• **EXERCISE GOAL**
Copy every entry below exactly, and keep out the pictures.

━━ RECORDS FOR THIS TASK

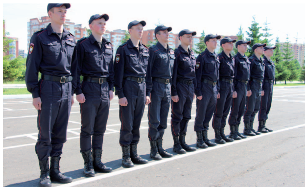
Рис. 14. Отделение в одношереножном строю

Свое место в строю сотрудники полиции занимают по команде « Становись! » (рис. 14).
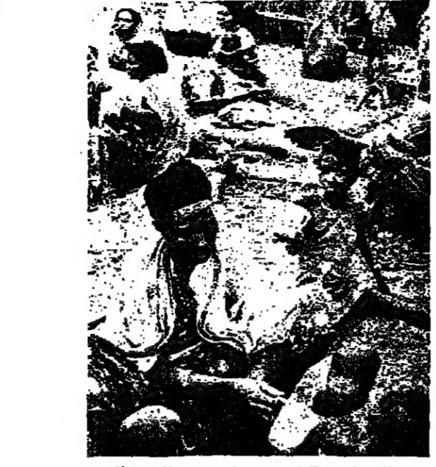
اللاجئون الاثيوبيون في الصومال

١٥) بموجب بروتوكول ملحق بدستور البريد العالمي : (١) كل دولة عضو في منظمة الامم المتحدة يحق لها الانضمام إلى الاتحاد ، (٢) كل دولة سيادية ليست عضوا في المنظمة الدولية يحق لها ان تطلب الموافقة على عضويتها في الاتحاد .
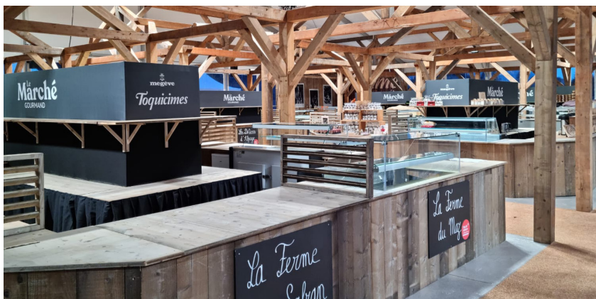
Aménagement et construction des espaces, Toquimes

Nous créons et imaginons pour vous des espaces de caractère, pour personnaliser vos événements. Structures sur mesure pour décors types. Création des espaces, montage de structure fabriquées selon vos idées, sur mesure, décoration, habillage des structures, moquette.
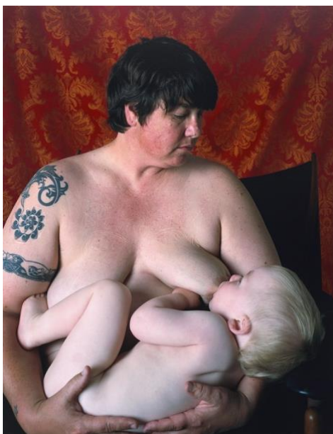
Slika 9. Catherine Opie, Dojenje , 2004.

━━━━

• **SOLVED PROBLEM**
Рис. 14. Отделение в одношереножном строю

Свое место в строю сотрудники полиции занимают по команде « Становись! » (рис. 14).
اللاجئون الاثيوبيون في الصومال

١٥) بموجب بروتوكول ملحق بدستور البريد العالمي : (١) كل دولة عضو في منظمة الامم المتحدة يحق لها الانضمام إلى الاتحاد ، (٢) كل دولة سيادية ليست عضوا في المنظمة الدولية يحق لها ان تطلب الموافقة على عضويتها في الاتحاد .
Aménagement et construction des espaces, Toquimes

Nous créons et imaginons pour vous des espaces de caractère, pour personnaliser vos événements. Structures sur mesure pour décors types. Création des espaces, montage de structure fabriquées selon vos idées, sur mesure, décoration, habillage des structures, moquette.
Slika 9. Catherine Opie, Dojenje , 2004.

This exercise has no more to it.